Sometimes referred to as “winter depression”

Because of the time of year it tends to happen, SAD is also sometimes called the winter depression.


Often begins in Autumn

People who suffer from SAD will usually notice the start of symptoms during Autumn, when the days get shorter. It is typically the most severe during the months of December, January, and February.


Often disappears during the Spring and Summer

During spring and summer, the symptoms tend to disappear. This can happen quickly for some, whilst others will find it takes months to start feeling normal again.

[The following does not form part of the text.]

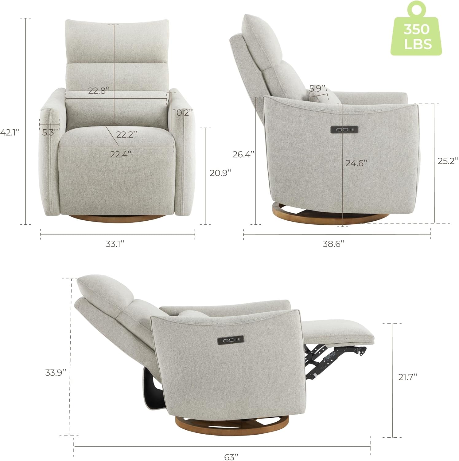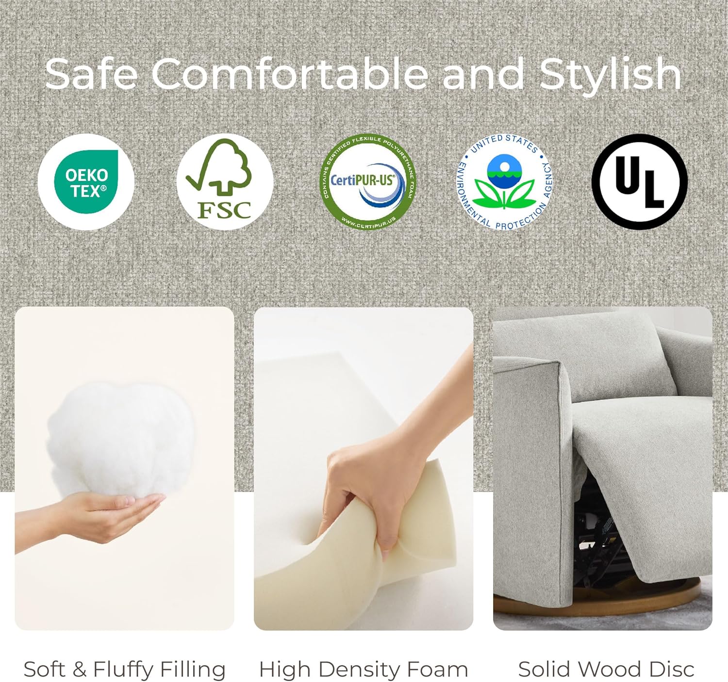 Comfortable & Convenient - This swivel rocker recliner chair offers 270 swivel and gliding motion for smooth, effortless movement while tending to your baby. The no-sag spring platform ensures long-lasting support and unwavering comfort. The concave-arc armrests provide extra comfort during breastfeeding, while the removable lumbar pillow supports your waist when lying down and can be positioned anywhere for added comfort. For added convenience, built-in USB and Type-C charging ports are located on the reclining activator button, allowing you to charge your mobile phone easily. These features make it perfect for multitasking usage and enhance your caregiving experience.

It’s possible to experience the opposite

It’s possible to experience SAD during Spring and Summer, and to feel better during Autumn and Winter. It is far less common though, and less understood.


Theories of SAD

There are a few theories as to what leads SAD to develop, but the prevalent one is lack of sunlight. This causes the hypothalamus to stop working efficiently, which in turn causes:

  • Higher levels of melatonin, which makes you feel more sleepy
  • Lower levels of seratonin, which can affect your mood, appetite, and ability to sleep

The body’s circadian rhythm is also affected by the change of seasons. The circadian rhythm is the physiological process of all living things, on a rough 24 hour cycle. When the seasons change, our bodies can find it hard to adapt to the change of daylight hours and the change in temperature. This can then have an adverse affect on our mental health.


Possibly genetic

Research shows us that in some cases SAD runs in the family. While there is no definitive proof that SAD is genetic, it is a current working theory.


Can worsen existing depression

Autumn and Winter can be a terrible time of year for people who have depression, because SAD can make the symptoms a whole lot worse. If you know anyone with depression, it would be nice to offer them extra support and kindness during these two seasons.


Symptoms of SAD

The symptoms of SAD are similar to the symptoms of any type of depression:

  • Low esteem
  • Persistent irritability
  • Change in appetite
  • Feeling lethargic
  • Insomnia
  • Lack of interest in things you’d normally enjoy
  • Low sex drive
  • Tearfulness
  • Increased stress and anxiety
  • Reduced concentration
  • Reduced interest in social activities
  • Feelings of worthlessness and despair

Everyone experiences depression differently, but above are some of the more common symptoms of depression. They make everyday activities really hard, whether it be something as simple as getting out of bed, going to work, or doing housework. If these symptoms seem familiar to you, it might be worth speaking to your GP.


Treatment of SAD

There are four main types of treatment for Seasonal Affective Disorder. It is important to remember that what works for one person may not work for another.

  • Lifestyle changes – making the most of the sunlight, doing more exercise, keeping a healthy diet, and avoiding stress where possible.
  • Talking Therapy – This usually comes in the form of counselling or CBT (Cognitive Behavioural Therapy)
  • Light Therapy – this requires the use of a light box, which simulates sunlight.
  • Antidepressants – Doctors are often hesitant to prescribe antidepressants on their own, because they are unlikely to fix the problem by themselves. You will most likely be encouraged to take one of the above treatments alongside them. The type of antidepressants prescribed for SAD tend to be SSRIs (Selective serotonin reuptake inhibitors).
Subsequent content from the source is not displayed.